[Items listed in a dataset]
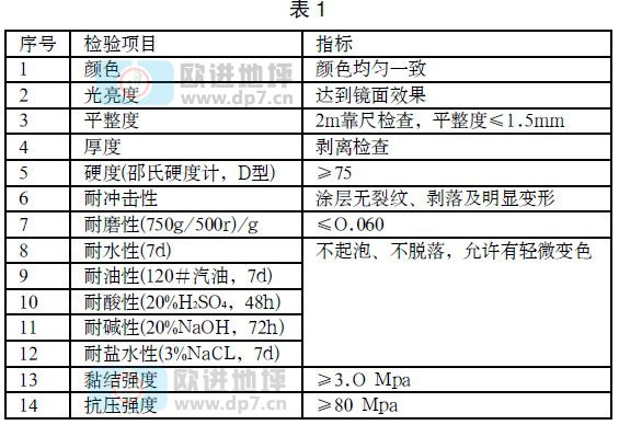 環(huán)氧地坪必須符合《中華人民共和國化工行業(yè)標(biāo)準(zhǔn)》(HG/T3829-2006)的技術(shù)要求。施工完成后,應(yīng)對成品進(jìn)行質(zhì)量檢測,各項(xiàng)檢測應(yīng)合格。檢測項(xiàng)目及要求見表1。
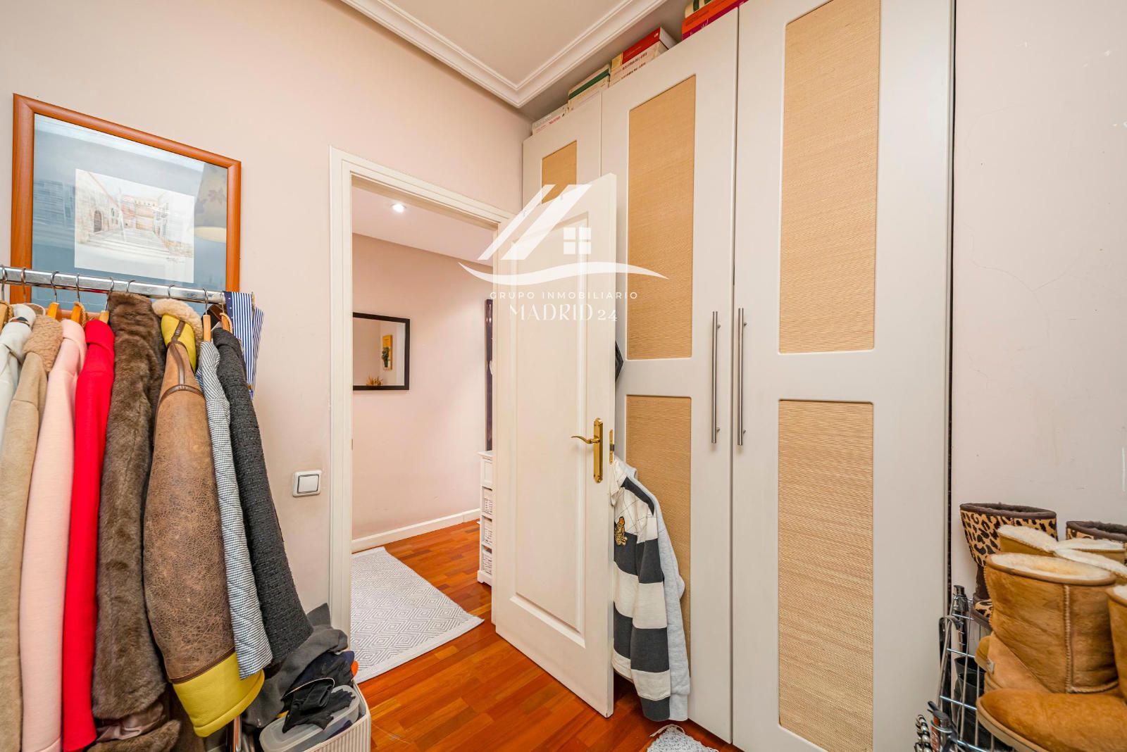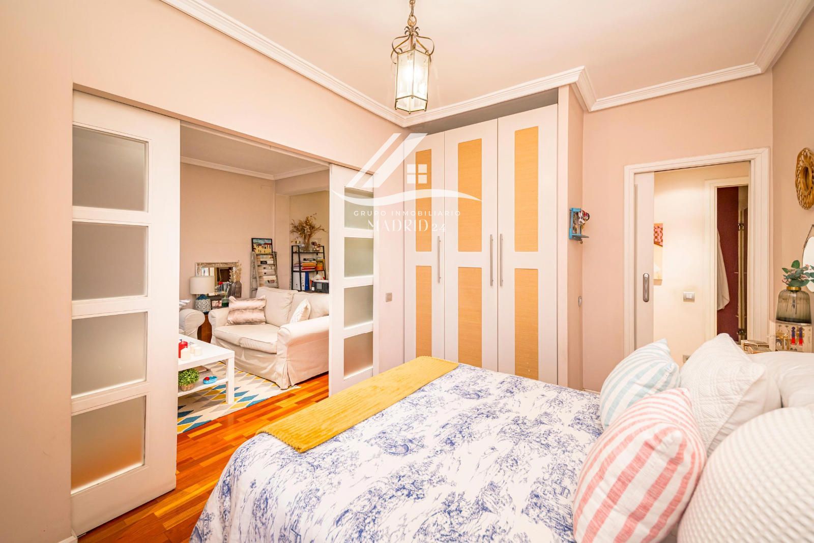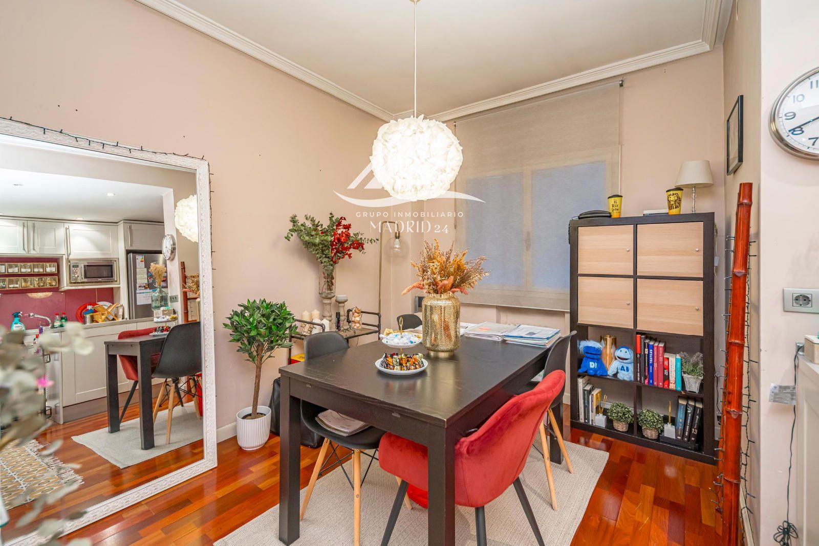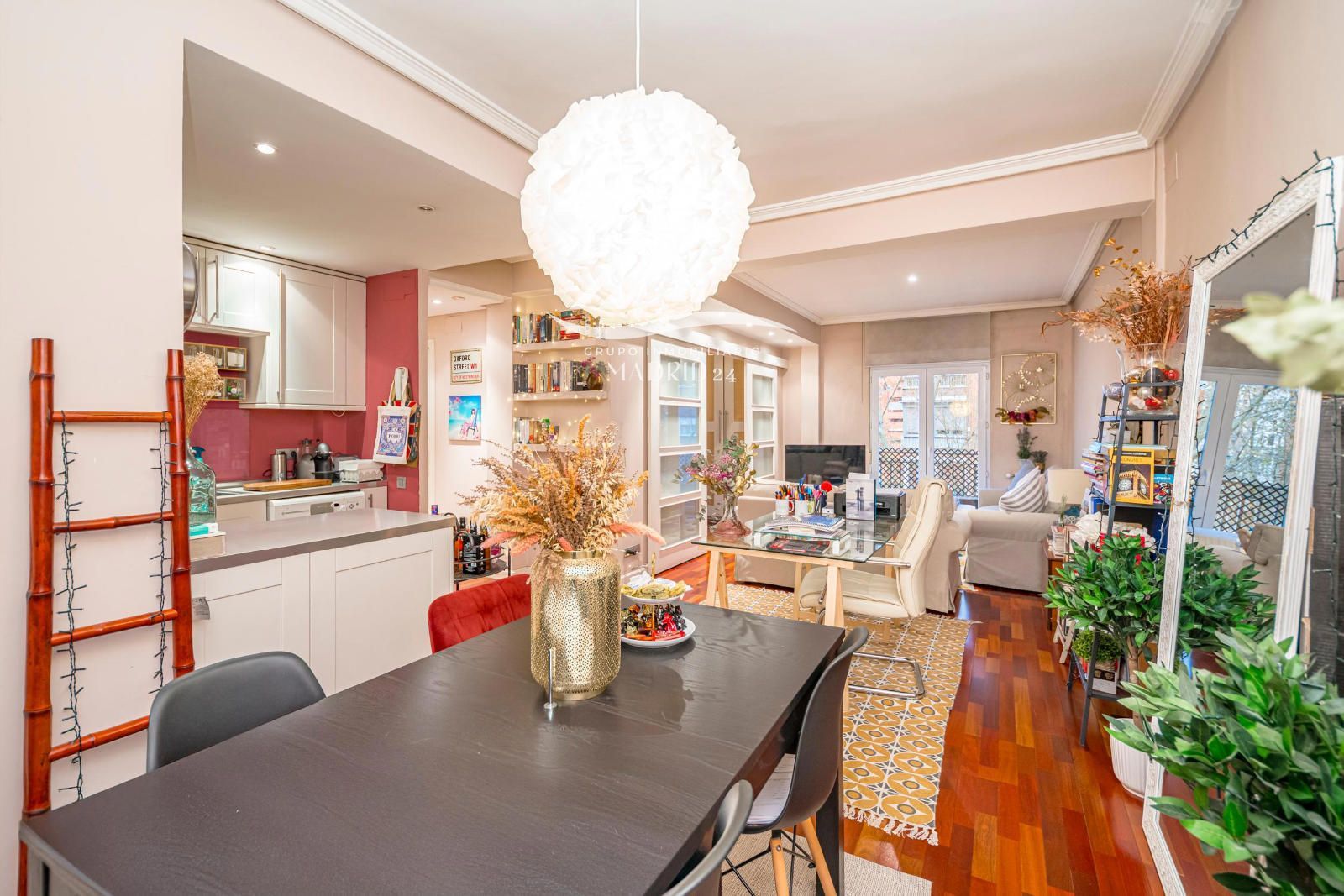 El piso se encuentra en excelente estado de conservación, y entre sus acabados destacan los suelos de tarima de madera, armarios empotrados y ventanas de aluminio lacadas en blanco, que aportan luminosidad natural y un ambiente cálido y moderno.
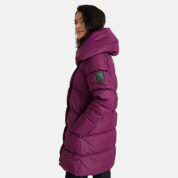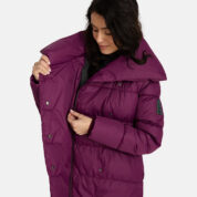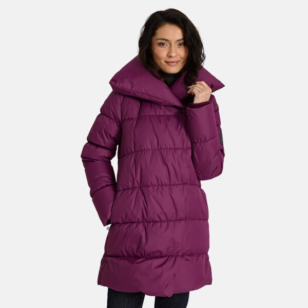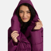 Modern women’s waterproof and windproof down coat Breathable fabric Soft lining on the inside Down feathers and feathers for filling Hood hidden in collar Ribbed cuffs at sleeve ends Two-way zipper covered with stud-press flap at front Side seam pockets Reflective logo on sleeve
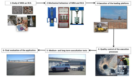 Due to the appropriate mechanical properties of the recycled aggregates for their use in road layers compared to artificial gravel (artificial gravel (AG) is an aggregate of granular particles formed by stone material, it originates from the fragmentation of artificially crushed rocks), the authority of the Port of Huelva decided to modify a part of the structural section of the loading platform called “Ciudad de Palos”. Two layers of AG were replaced by MRA and RCA. To carry out this replacement, characterization studies were initially performed on both RA, and the mechanical behavior was analyzed, comparing their results with AG (conventional materials in road construction).
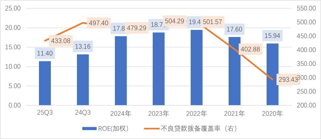 虽然扩表放缓,但得益于控费,成都银行净利润仍处于增长区间。25年前三季度ROE为11.4%,大幅优于上市银行7.26%中位数水平。不良贷款拨备覆盖率虽有所下降,但仍高于400%,未来仍有释放利润的空间。
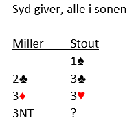 De hadde ikke til rådighet 3 hjerter direkte over 2 kløver som Splinter, og siden paret spiller Presisjonskløver var syd begrenset til 15 poeng. Derfor foreslo nord 3 grand. Syd begynte å tenke, og nå var hele mesterskapet i hans hender: hvis han passer på 3 grand tapes finalekampen, hvis han går videre og de ender i slem blir det gull!
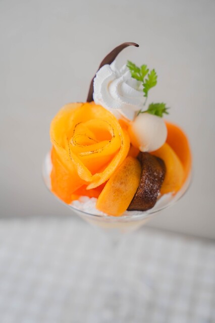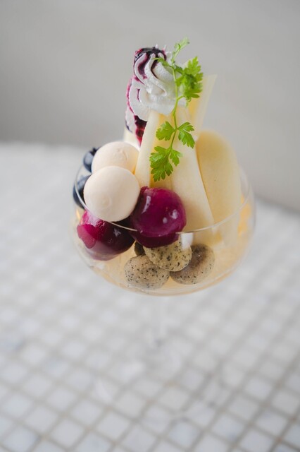 ウェブサイトを拝見すると、全国から厳選された国産フルーツを主役に、アイスクリームやソース、コンフィチュールに至るまで、そのすべてが手作りであるというこだわり。パフェグラスという小さな宇宙の中で、フルーツのポテンシャルを最大限に引き出すための緻密な設計がなされています。

- What you should do
"Modern women’s waterproof" marks the last line to keep. Retype every line from the start of the entries through that one, exactly, and drop the pictures.

- Solution for this task
 環(huán)氧地坪必須符合《中華人民共和國化工行業(yè)標(biāo)準(zhǔn)》(HG/T3829-2006)的技術(shù)要求。施工完成后,應(yīng)對成品進(jìn)行質(zhì)量檢測,各項(xiàng)檢測應(yīng)合格。檢測項(xiàng)目及要求見表1。
 El piso se encuentra en excelente estado de conservación, y entre sus acabados destacan los suelos de tarima de madera, armarios empotrados y ventanas de aluminio lacadas en blanco, que aportan luminosidad natural y un ambiente cálido y moderno.
 Modern women’s waterproof and windproof down coat Breathable fabric Soft lining on the inside Down feathers and feathers for filling Hood hidden in collar Ribbed cuffs at sleeve ends Two-way zipper covered with stud-press flap at front Side seam pockets Reflective logo on sleeve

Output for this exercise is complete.